[Data items]
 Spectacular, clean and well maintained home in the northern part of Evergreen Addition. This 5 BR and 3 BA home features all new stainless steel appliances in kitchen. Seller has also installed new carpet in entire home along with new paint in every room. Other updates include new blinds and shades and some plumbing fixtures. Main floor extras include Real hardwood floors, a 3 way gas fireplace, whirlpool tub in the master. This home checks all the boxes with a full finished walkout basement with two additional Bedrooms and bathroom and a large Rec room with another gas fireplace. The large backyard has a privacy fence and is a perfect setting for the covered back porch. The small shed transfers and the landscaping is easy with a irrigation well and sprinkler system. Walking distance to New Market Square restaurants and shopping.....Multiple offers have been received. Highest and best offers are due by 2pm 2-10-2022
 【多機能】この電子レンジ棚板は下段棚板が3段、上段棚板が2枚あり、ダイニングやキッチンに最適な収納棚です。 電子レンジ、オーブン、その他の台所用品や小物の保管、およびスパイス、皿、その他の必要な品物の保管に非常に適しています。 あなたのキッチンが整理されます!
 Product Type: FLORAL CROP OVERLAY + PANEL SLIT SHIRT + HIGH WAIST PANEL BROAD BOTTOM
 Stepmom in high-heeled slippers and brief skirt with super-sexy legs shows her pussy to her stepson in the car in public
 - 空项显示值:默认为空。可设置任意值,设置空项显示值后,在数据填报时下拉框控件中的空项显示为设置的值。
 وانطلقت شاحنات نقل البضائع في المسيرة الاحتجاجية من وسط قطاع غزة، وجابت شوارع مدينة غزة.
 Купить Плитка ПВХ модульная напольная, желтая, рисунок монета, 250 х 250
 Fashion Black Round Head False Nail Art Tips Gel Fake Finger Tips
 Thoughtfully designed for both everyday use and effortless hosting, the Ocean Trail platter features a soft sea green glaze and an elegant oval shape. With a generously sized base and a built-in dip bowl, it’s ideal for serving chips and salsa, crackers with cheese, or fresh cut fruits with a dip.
* * *
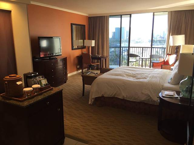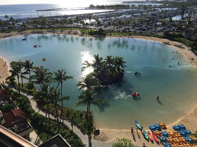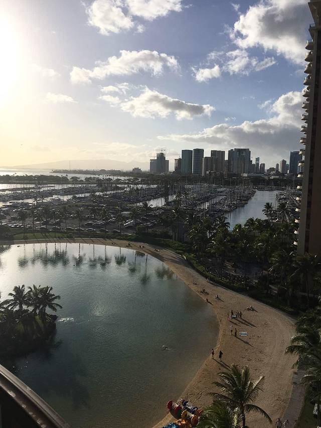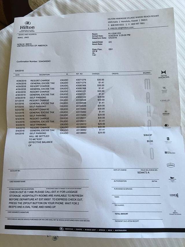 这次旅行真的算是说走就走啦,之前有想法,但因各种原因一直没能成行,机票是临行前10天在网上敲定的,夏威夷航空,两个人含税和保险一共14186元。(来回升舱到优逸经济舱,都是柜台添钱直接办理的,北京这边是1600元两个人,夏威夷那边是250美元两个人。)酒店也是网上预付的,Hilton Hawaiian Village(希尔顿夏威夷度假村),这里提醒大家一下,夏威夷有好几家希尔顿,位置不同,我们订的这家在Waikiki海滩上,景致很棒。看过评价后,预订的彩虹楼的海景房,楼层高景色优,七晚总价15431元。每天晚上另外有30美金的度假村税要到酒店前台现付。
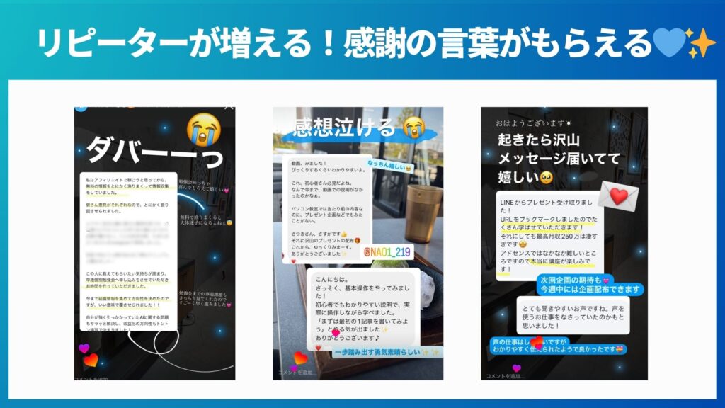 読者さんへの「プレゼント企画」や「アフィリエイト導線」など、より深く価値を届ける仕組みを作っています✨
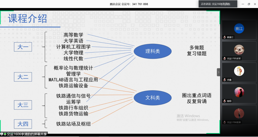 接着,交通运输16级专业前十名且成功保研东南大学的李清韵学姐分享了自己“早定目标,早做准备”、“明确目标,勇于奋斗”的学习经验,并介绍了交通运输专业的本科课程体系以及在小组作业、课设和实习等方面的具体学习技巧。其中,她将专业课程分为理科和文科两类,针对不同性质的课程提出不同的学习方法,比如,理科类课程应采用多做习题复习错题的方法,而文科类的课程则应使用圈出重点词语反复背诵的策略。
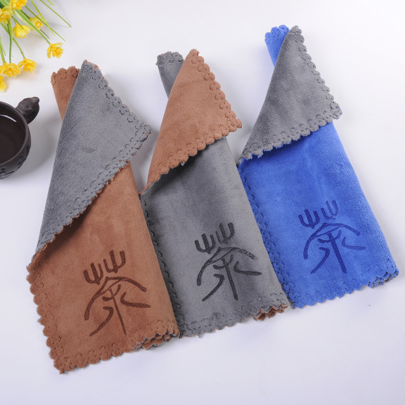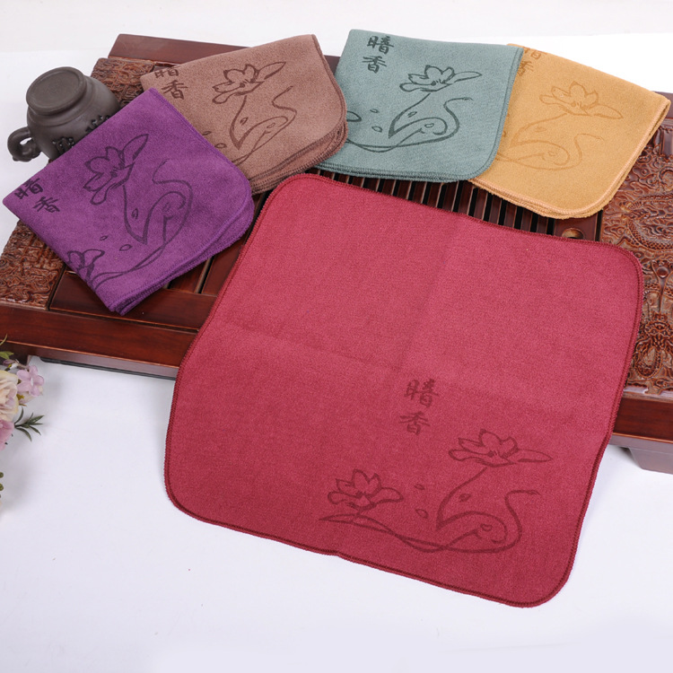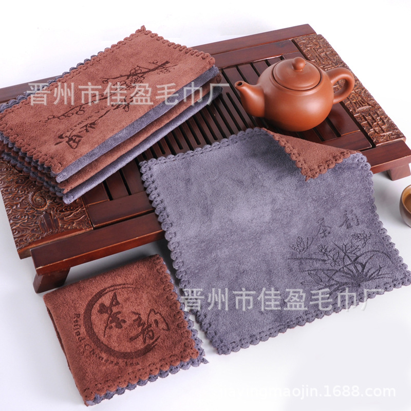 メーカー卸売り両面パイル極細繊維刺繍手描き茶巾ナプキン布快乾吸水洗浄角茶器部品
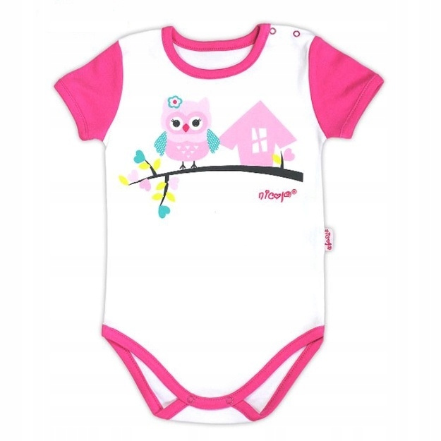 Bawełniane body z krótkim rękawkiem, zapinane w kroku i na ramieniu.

*Directions for this task*. When copying from the data above, begin at the line containing "メーカー卸売り両面パイル極細繊維刺繍手描き茶巾ナプキン布快乾吸水洗浄角茶器部品" and end at the line containing "Bawełniane body z"; return those lines exactly and leave all pictures behind.

*Exercise result*.
 メーカー卸売り両面パイル極細繊維刺繍手描き茶巾ナプキン布快乾吸水洗浄角茶器部品
 Bawełniane body z krótkim rękawkiem, zapinane w kroku i na ramieniu.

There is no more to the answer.